# Copper and Jarrah Braumiser



## Ramps (1/7/14)

OK Guys I owe to the forums

So firstly thanks guys ... especially:

Big thanks to Matho for making his controller hardware/software available to us all ... and his support thru these forums
Lael for doing the organising/ordering of the initial electronics
Edak for letting me visit and pulling his system apart for me to look at ... and the beers 
And all the other support I got from the forums while building

It was a long build (over 6 months I think and prob 6 months since I finished (version 1) and as there hasn't been any modifications for some brews now I think I need to post some pics 

Built from
Matho's controller
an old copper hot water system
a couple of 19L Big W pots
a few scrap of Jarrah
couple of bits of SS "flywire" (think it's actually screen material for some sort of processing ... heavier than flyscreen)
old aluminium sign with holes drilled into it
blue pump (Kaixin, magnetic pump)
U bend it 2200W element
bayonet fire fitting
assorted SS plumbing

Pretty basic, not real pretty but it does a great job and I love the beer that comes out of it ... so it's all great

now the deeper sojourn into the depths of all grain
Lovin' it
Thanks again guys

Cheers
Ramps


----------



## r055c0 (2/7/14)

love it!


----------



## dicko (2/7/14)

Well done mate.


----------



## Yob (2/7/14)

what a tidy little unit.. nice work :beerbang:


----------



## Maheel (2/7/14)

whats the 2nd "slotted" pot for

I like the gas bayonet fitting idea (never seen that idea before)


----------



## Ramps (2/7/14)

actually it's a fire hose fitting (40mm) works really well no need for threaded rods etc


----------



## dicko (2/7/14)

It looks to me that he has made the second pot with the slots in the bottom, fit inside the pot with the fitting in the bottom.
The two pots then make up the malt pipe??


----------



## Ramps (2/7/14)

yeah dicko you got it
you're right about the 2 pots sitting inside each other to become the malt pipe but the capacity of the grain is only one pot (the one with slots in it) the area between the 2 pots is just to disperse the flow from pump


----------



## lael (2/7/14)

Looks great! Love to see more about the fire hose fitting - looks like a clever solution!


----------



## MastersBrewery (9/7/14)

Have to say top looking build, now like the rest of us you'll need a BAR to sit that behind, to make it look shit hot and don't forget the pool table, too many forget the importance of a good game of pool...

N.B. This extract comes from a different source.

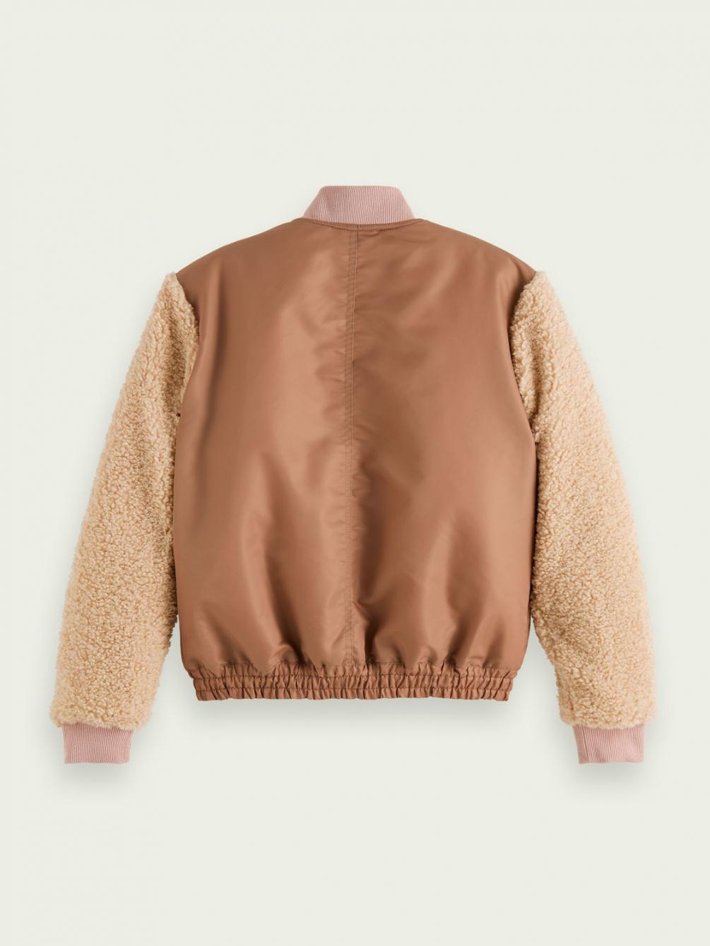 Een mix van zacht teddymateriaal en het stoere bomberdesign. Klinkt misschien een beetje vreemd, maar het werkt wel. Dit bomberjack met mouwen van teddy en een norma…

wasn' that the black?.... oopps!

MB


----------



## H0U5ECAT (10/7/14)

OK, I'm reporting this post for porn.
That's just too darn sexy for the forums.


----------



## Ramps (11/7/14)

I prob should have dressed it up for the occasion if it's going to be reported ... maroon or burgundy face on the controller and strewth I prob should have at least polished it!


----------



## r055c0 (11/7/14)

You must post a pic once it's polished. Make sure it's high def so I can print out a life sized pic of it and pin it over my ghetto system so I can pretend I have bling.


----------



## Pirate323i (14/7/14)

The pot inside the pot is a genius idea for the bottom "false bottom" /filter even for the 'more conventional' Braumiser copies...
Top effort!


----------



## Ramps (14/7/14)

Pirate323i said:


> The pot inside the pot is a genius idea for the bottom "false bottom" /filter even for the 'more conventional' Braumiser copies...
> Top effort!


Thanks Pirate, works well,

thought it would be a good way to evenly distribute the flow/ pressure across the entire bottom of the pot and if I wanted to later either knock out the bottom and lower the falsie to give myself some more room for grain or even just knock the bottom out of a 3rd pot and extend the malt tube (hasn't been needed yet). Also allows for the 2 pots to separate if the flow was restricted and the the pressure built up (again haven't had a prob with that either ... well since I crushed my grain to a good size)


----------



## JoeyJoeJoe (25/9/14)

Really like the pot in pot design. I think I will have to look into stealing that design, and obviously that big copper pot is pimpin like super fly level pimpin.


----------



## Edak (25/9/14)

I can't believe that I missed the post and didn't see it until today, great job ramps!! Very steampunk looking.


----------



## Ramps (18/3/15)

OK OK OK
After another 1/2 dozen brews with now changes/updates etc, I finally had confess to myself that it was completed and no longer a prototype susceptible to brewly changes so I have to give it a clean up and varnish.
Also add to that, that there will be a bunch of family wondering thru my shed in a few weeks so at least it'll look old worldly rather than a construction out of a junk-heap (thinking about it ...that's pretty much what it is  )

Still loving it

So as promised a picture after a bit of spit and polish as there has been no changes in the last 9 months ... just lots of real yummy brews.
After visiting a friend still making brews with kits, I realised how far my brews had come
Cheers guys


----------



## Bridges (18/3/15)

lael and others fire hose coupling = storz coupling may make it easier if you wanted to track some down.


----------



## Cervantes (18/3/15)

Very Retro

Love it.


----------



## Ramps (19/3/15)

Oh yeah
prob been tried before but not that I have heard
does a great sous-vide with pork rashes too ... should post that in the cooking forum!
24 hrs @ 57.25 degrees +/- 0.25 degrees ... does a great job 

oops... just had a quick peek ... looks like I'm well behind the eight ball like normal ... common practice!


----------